== Recorded information ==
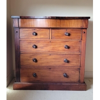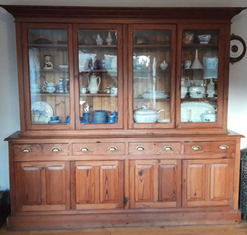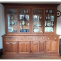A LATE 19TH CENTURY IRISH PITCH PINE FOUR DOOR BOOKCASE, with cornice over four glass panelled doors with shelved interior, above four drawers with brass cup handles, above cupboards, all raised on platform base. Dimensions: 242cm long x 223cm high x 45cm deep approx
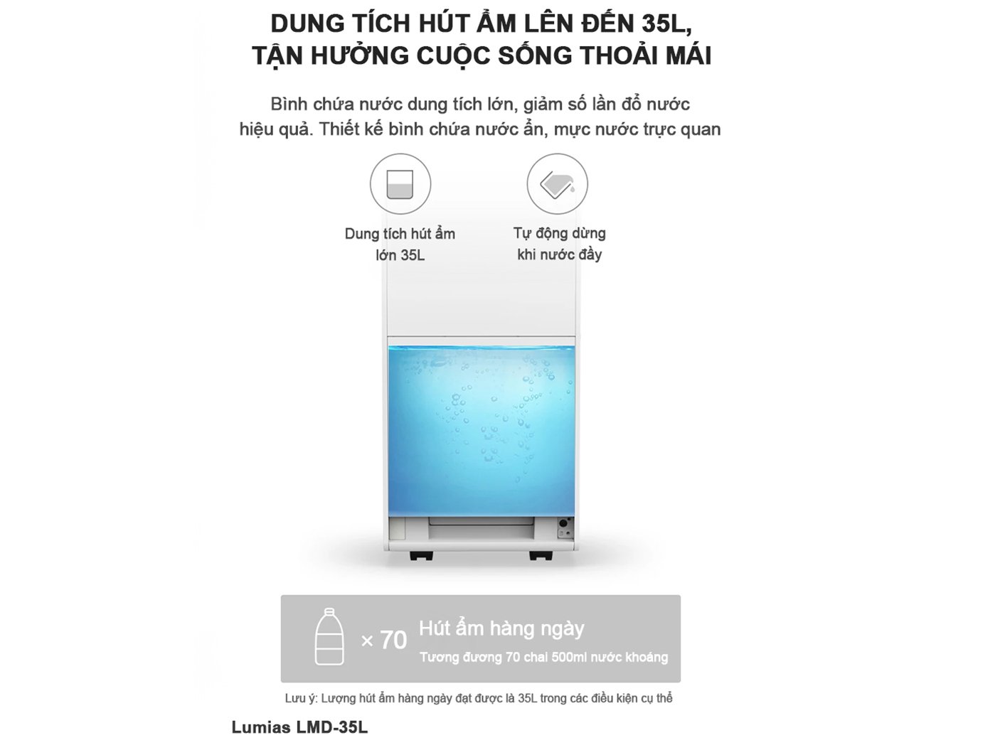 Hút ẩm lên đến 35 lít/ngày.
===
== Recorded information ==
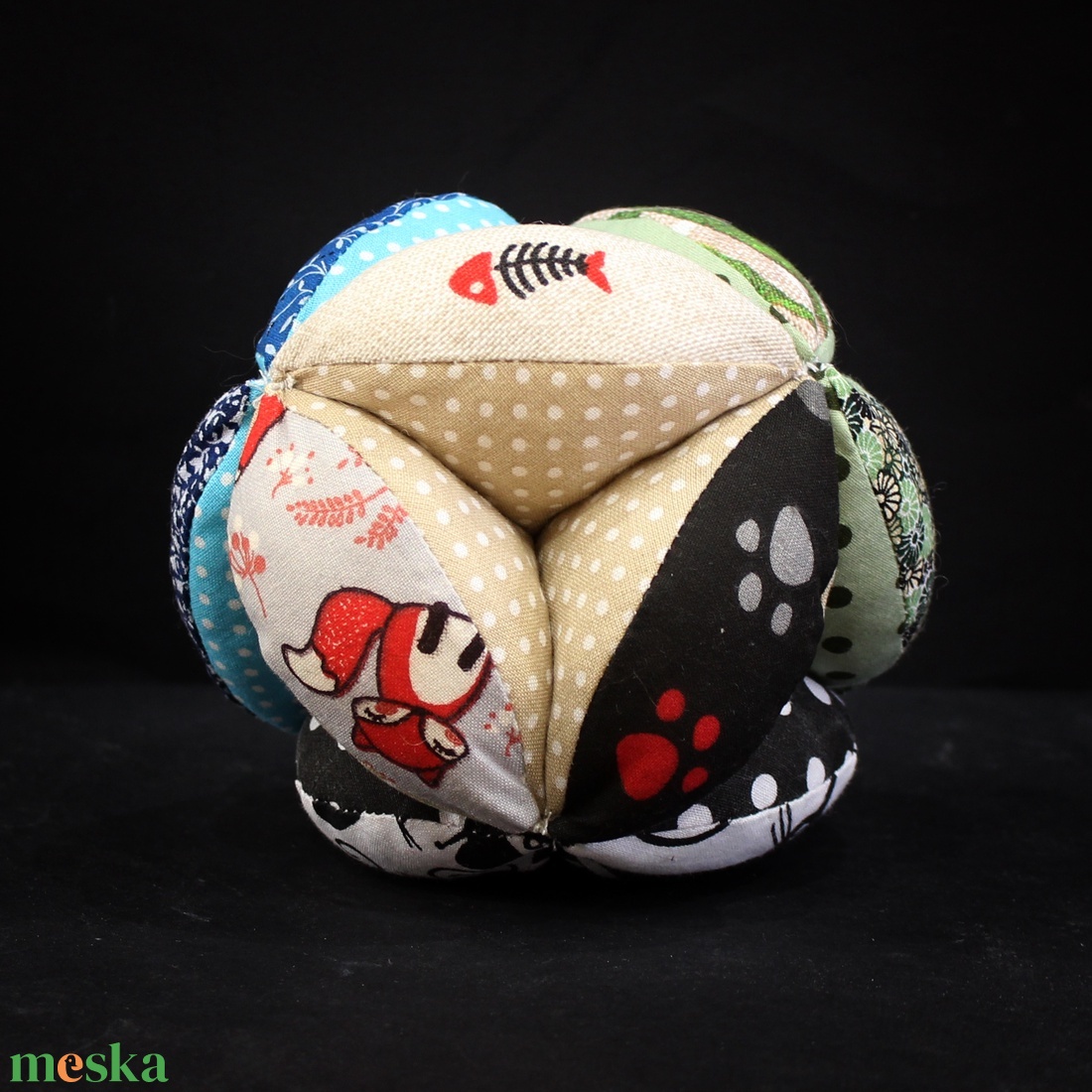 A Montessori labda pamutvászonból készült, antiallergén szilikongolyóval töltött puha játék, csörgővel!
===
■ Exercise goal:
Print exactly, with no pictures, the lines above from the one that holds "A LATE 19TH" through the one that holds "Hút ẩm lên đến 35 lít/ngày.", both of them included.

■ Reply:
A LATE 19TH CENTURY IRISH PITCH PINE FOUR DOOR BOOKCASE, with cornice over four glass panelled doors with shelved interior, above four drawers with brass cup handles, above cupboards, all raised on platform base. Dimensions: 242cm long x 223cm high x 45cm deep approx
 Hút ẩm lên đến 35 lít/ngày.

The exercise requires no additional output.